During the mid-1910s, McEvoy ventured increasingly towards portraiture and the demand for his portraits rose concurrently. However, as with many artists, his career was interrupted by the First World War and in 1916 he was attached to the Royal Naval division and posted to the Western Front and the North Sea.[2] Following the horrors of this experience, his artistic zeal continued and he painted a series of portraits of naval officers and highly decorated lower-ranked soldiers.[3]
On his return, McEvoy was heralded as one of the most successful English society portrait painters of the early 20th century. His innovative style and florid methods endeared an emerging generation of young, wealthy and liberal-minded patrons. His famed depictions of human character and beauty, particularly of women, became sought after and he maintained an illustrious list of clients spread between the United Kingdom and America, where he was represented for a period by the most celebrated international art dealer of the day, Lord Duveen.[4]
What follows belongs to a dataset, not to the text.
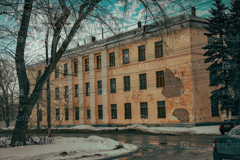 Мрачный красивый советский старинный дом слякоть на улице в городе зимой снег

However, this youthful success was to take its toll on McEvoy and he died in 1927, aged forty-nine. Critics writing shortly after his death were in little doubt as to the significance of his work; ‘the most refined aspect of early twentieth century society will live on in his work, and that alone ensures his position in history’.[5]
To this day, he has become famed for his depiction of women. In his obituary in The Times he was praised for his ability to paint female subjects in a manner that was both visually appealing, but also bespoke the profundity of his ‘thoughts about human beauty, particularly feminine beauty’.[6]
[1] E. A. Akers-Douglas, (ed.) L. Hendra, Divine People: The Art & Life of Ambrose McEvoy, (London: Paul Holberton Publishing, 2019) p.28.
[2] Akers-Douglas, (ed.) Hendra, Divine People, p.24.
[3] For more information on his portraits of officers, see Chapter 7. A Painter of Heroes in Akers-Douglas, (ed.) Hendra, Divine People.
[4] Akers-Douglas, (ed.) Hendra, Divine People, p.176.
[5] “Ambrose McEvoy”, Country Life, vol. 13, issue 1619, 28th January 1928, p. 106.
[6] "Mr. Ambrose McEvoy." The Times (London), 5th January 1927, p. 12.